BEGIN INPUT RECORDS
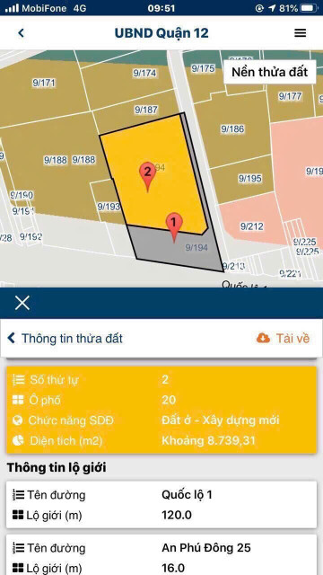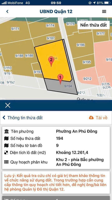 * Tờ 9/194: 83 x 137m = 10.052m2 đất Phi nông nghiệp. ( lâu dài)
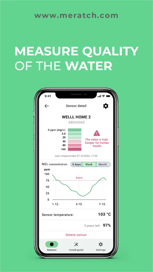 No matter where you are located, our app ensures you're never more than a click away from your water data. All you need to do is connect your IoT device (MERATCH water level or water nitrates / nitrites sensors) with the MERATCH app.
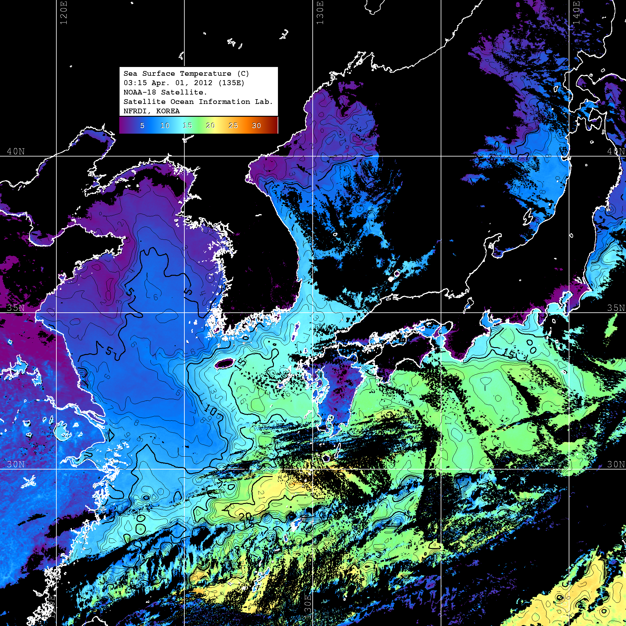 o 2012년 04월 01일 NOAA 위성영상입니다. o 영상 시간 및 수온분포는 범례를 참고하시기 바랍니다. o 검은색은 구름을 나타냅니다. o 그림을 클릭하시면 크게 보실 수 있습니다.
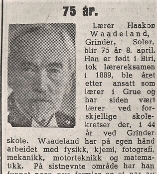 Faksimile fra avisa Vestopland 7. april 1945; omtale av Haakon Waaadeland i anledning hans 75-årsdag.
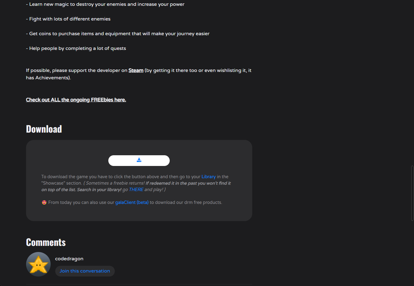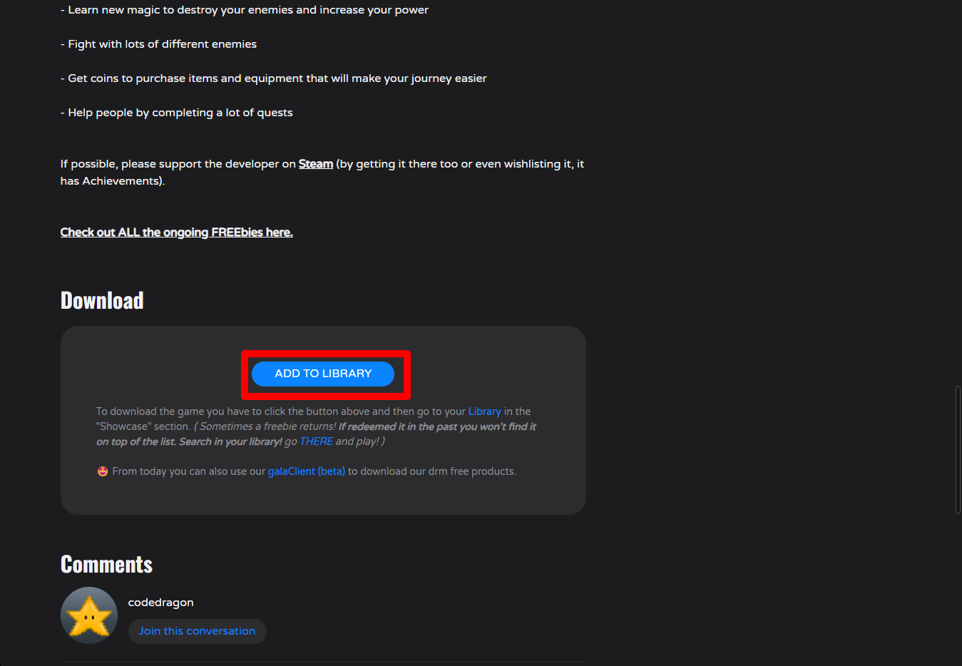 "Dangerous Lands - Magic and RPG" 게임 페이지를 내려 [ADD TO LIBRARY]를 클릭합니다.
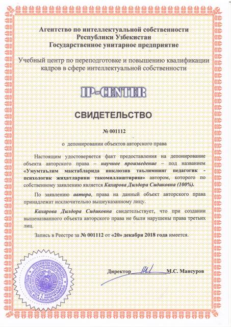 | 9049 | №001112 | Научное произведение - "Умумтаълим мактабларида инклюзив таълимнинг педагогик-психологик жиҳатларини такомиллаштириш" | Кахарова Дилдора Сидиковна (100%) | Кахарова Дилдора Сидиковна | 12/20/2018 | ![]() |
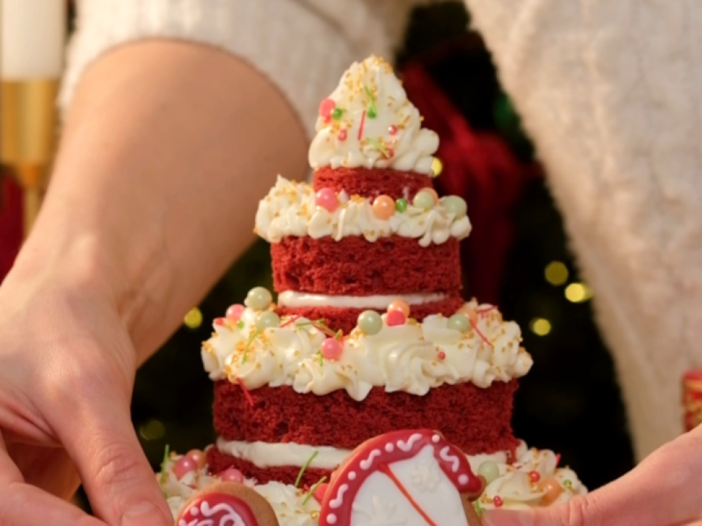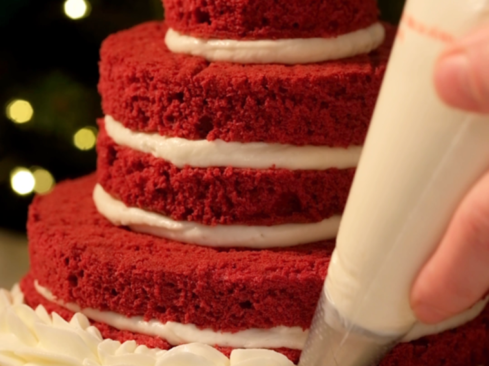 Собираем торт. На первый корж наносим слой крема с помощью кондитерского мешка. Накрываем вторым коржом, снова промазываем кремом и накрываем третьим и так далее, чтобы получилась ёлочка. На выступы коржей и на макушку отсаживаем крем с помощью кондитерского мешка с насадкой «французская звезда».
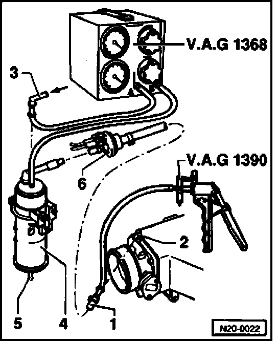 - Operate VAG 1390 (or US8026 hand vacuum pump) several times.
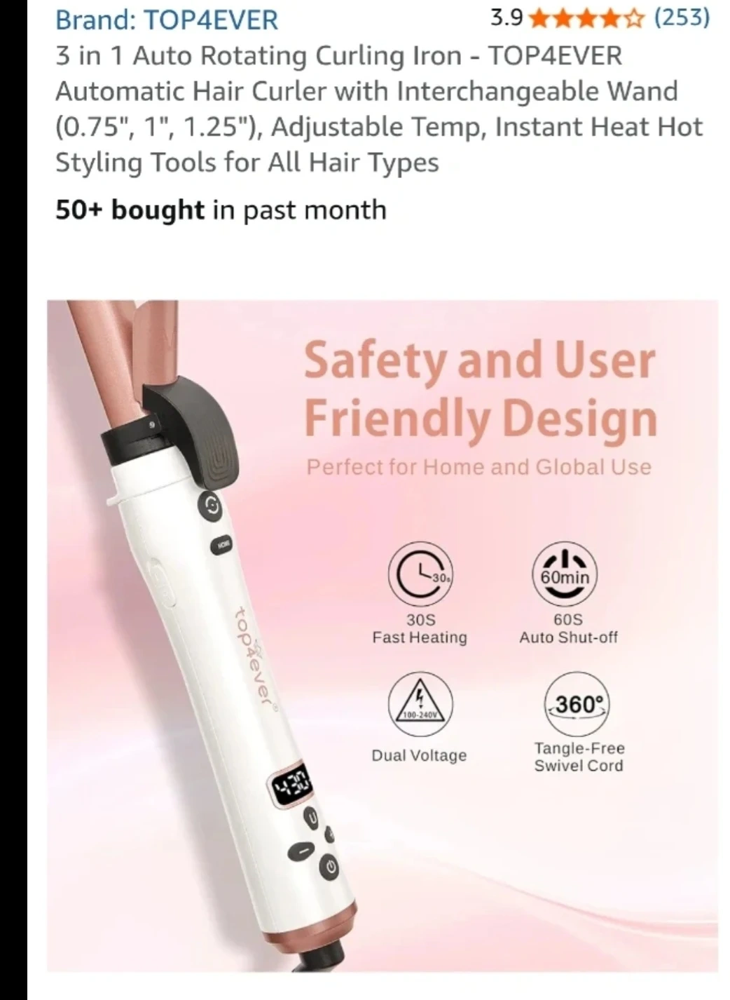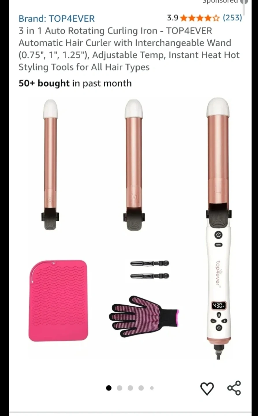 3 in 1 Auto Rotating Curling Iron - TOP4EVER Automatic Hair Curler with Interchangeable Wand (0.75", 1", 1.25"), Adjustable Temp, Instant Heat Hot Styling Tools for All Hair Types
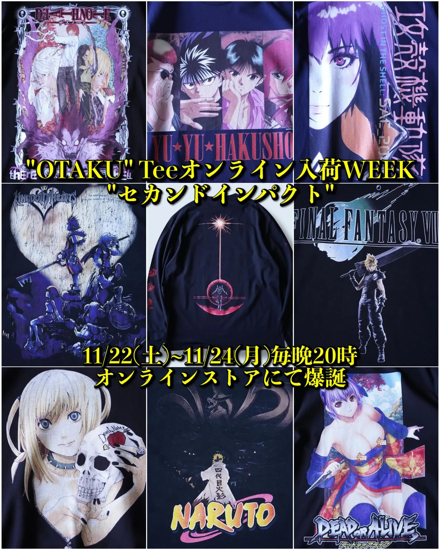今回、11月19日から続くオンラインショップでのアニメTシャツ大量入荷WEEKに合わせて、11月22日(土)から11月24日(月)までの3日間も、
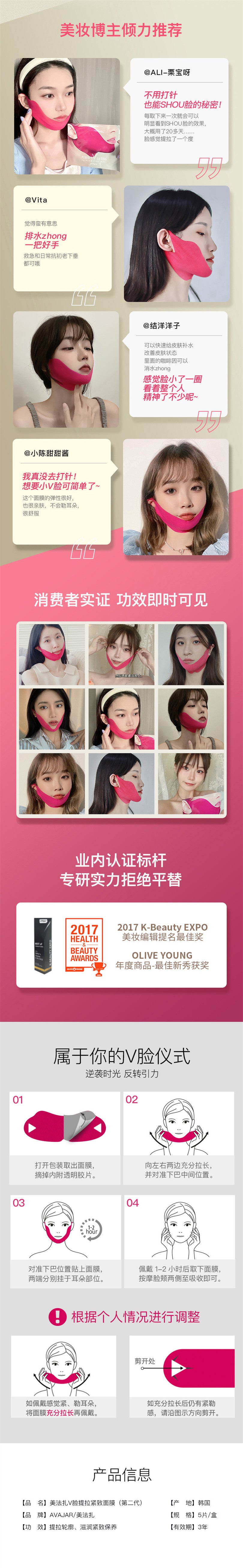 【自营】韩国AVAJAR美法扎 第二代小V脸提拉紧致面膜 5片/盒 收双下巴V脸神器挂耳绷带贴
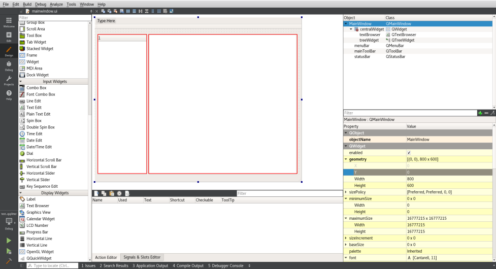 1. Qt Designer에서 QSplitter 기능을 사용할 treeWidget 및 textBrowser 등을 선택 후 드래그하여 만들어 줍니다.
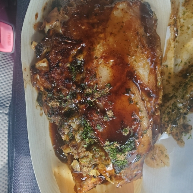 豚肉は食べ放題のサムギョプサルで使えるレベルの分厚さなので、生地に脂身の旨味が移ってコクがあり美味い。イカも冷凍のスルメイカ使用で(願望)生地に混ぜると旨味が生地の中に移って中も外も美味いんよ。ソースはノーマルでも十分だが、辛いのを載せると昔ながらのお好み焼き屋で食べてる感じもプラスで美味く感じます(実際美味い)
END INPUT RECORDS
EXERCISE AIM:
Print nothing except the lines above from the one containing "Faksimile fra avisa" down to the one containing "12/20/2018 | ![]() |", both included, exactly as written and free of pictures.

SOLVED PROBLEM:
 Faksimile fra avisa Vestopland 7. april 1945; omtale av Haakon Waaadeland i anledning hans 75-årsdag.
 "Dangerous Lands - Magic and RPG" 게임 페이지를 내려 [ADD TO LIBRARY]를 클릭합니다.
 | 9049 | №001112 | Научное произведение - "Умумтаълим мактабларида инклюзив таълимнинг педагогик-психологик жиҳатларини такомиллаштириш" | Кахарова Дилдора Сидиковна (100%) | Кахарова Дилдора Сидиковна | 12/20/2018 | ![]() |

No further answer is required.